Я пытаюсь научиться заменять статические графики блестящими на графики ggvis. Со следующими файлами ui.R
и server.R
я могу получить отлично работающее блестящее приложение, когда мой вывод графика — base-R или ggplot. Я получаю следующую ошибку, когда пытаюсь использовать ggvis.
Error in handlers$add(handler, key, tail) : Key / already in use
Я пытался изменить расположение моих файлов на другой каталог, очистить глобальную среду и т. д. Пока ничего не работает.
Я попытался воспроизвести самый минимальный воспроизводимый пример. Следующее воспроизводит ошибку на моей машине.

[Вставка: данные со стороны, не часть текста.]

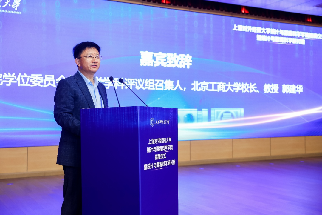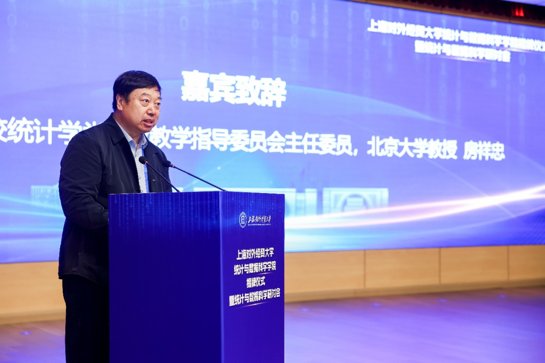 祁明代表学校向出席会议的嘉宾和师生们表示欢迎,向长期以来关心支持学校发展的专家学者表示感谢。他介绍了学校的发展历史与办学特色,以及近年来学校围绕服务国家战略和上海区域发展,在学科建设、人才培养、社会服务等方面取得的显著成绩。对学院在学科建设取得的重大突破以及促进学科交叉融合、支撑传统学科转型升级、创新数字经济人才培养模式等方面做出的积极贡献表示充分肯定。他表示,统计与数据科学学院的更名是深入学习贯彻习近平总书记考察上海重要讲话精神、服务国家重大战略需求的有力实践,也是主动适应时代发展需求,推进落实学校综合改革,积极优化布局交叉学科的重要举措。他对统计与数据科学学院未来建设发展,提出三点希望。一是要积极探索数智时代创新人才培养模式,加强学生数据科学素养和实践能力的培养,深化政产学研合作,为大数据战略实施和“数字中国”建设提供人才支撑。二是要聚焦人工智能研究,依托上海科技资源优势和产业基础,努力形成一批具有影响力的高水平科研成果,为更好地服务上海“五个中心”建设提供智力支持。三是要持续优化学科发展布局,整合多学科优势资源,推动统计学科与其他学科深度融合,不断提高统计与数据科学人才自主培养的质量。

Я ввожу данные из файла csv, хранящегося в той же папке, что и ui.R и server.R. Я добавил dput() некоторых данных, которые можно использовать для воспроизведения файла csv.
Вот пример:
ui.R
library(shiny)
library(dplyr)
library(ggvis)
# Define UI
shinyUI(pageWithSidebar(
# Application title
headerPanel("Cricket"),
sidebarPanel(
selectInput("hteam",
label = "Home Team",
choices = c("All Teams", "Australia", "England"), selected = "All teams"),
br()
),
mainPanel(
plotOutput("CrickPlot")
)
))
server.R
library(shiny)
library(dplyr)
library(ggvis)
shinyServer(function(input, output) {
#### Input raw data
df <- read.csv("mydf.csv", stringsAsFactors=F, header=T)
df1 <- reactive({
hometeam <- input$hteam
if(input$hteam != "All Teams"){ df <- df %>% filter(team==hometeam) }
df %>%
group_by(player) %>%
summarize(totalruns=sum(runs,na.rm=T), totalinns=n() )
})
####
output$CrickPlot <- renderPlot({
tmp <- df1()
tmp$id <- 1:nrow(tmp)
all_values <- function(x) {
if(is.null(x)) return(NULL)
row <- tmp[tmp$id == x$id, ]
paste("Name: ", tmp$player[x$id],
"<br>Country: ",
tmp$team[x$id],
"<br>Total runs: ",
tmp$totalruns[x$id])
}
tmp %>%
ggvis(x = ~totalinns,
y = ~totalruns,
size := input_slider(10, 100),
size.hover := 200,
opacity := input_slider(0, 1),
key := ~id) %>%
layer_points() %>%
add_tooltip(all_values, "hover")
# x <- df1()
# plot(x$totalruns, x$totalinns)
})
}
)
Закодированный здесь ggvis немного проще, чем то, что я использую в действительности. Тем не менее, это все еще воспроизводит ошибку. Если я суммирую свою df и попытаюсь сделать диаграмму ggvis за пределами shining, этот код будет работать отлично. Кроме того, просто для наглядности, последние две строки, идущие после решеток, будут давать диаграмму рассеяния в base-R, если удалить весь материал ggvis. Поэтому я думаю, что это как-то связано с ggvis внутри блестящего приложения.
Вот данные mydf для этого примера:
dput(mydf)
structure(list(player = c("CB Fry", "CB Fry", "G Boycott", "G Boycott",
"G Boycott", "G Boycott", "MJ Slater", "MJ Slater", "MJ Slater",
"MJ Slater", "MJ Slater", "MJ Slater", "MJ Slater", "MJ Slater",
"SK Warne", "SK Warne", "SK Warne", "SK Warne", "SK Warne", "SK Warne"
), team = c("England", "England", "England", "England", "England",
"England", "Australia", "Australia", "Australia", "Australia",
"Australia", "Australia", "Australia", "Australia", "Australia",
"Australia", "Australia", "Australia", "Australia", "Australia"
), runs = c(1L, 50L, 68L, 31L, 30L, 23L, 26L, 16L, 123L, 1L,
45L, 43L, 28L, 10L, 15L, 2L, 0L, 14L, 2L, NA)), row.names = c(NA,
-20L), .Names = c("player", "team", "runs"), class = "data.frame")
Заранее спасибо. Я попытался сделать это как можно минимальным, показывая при этом все возможные детали, относящиеся к ошибке.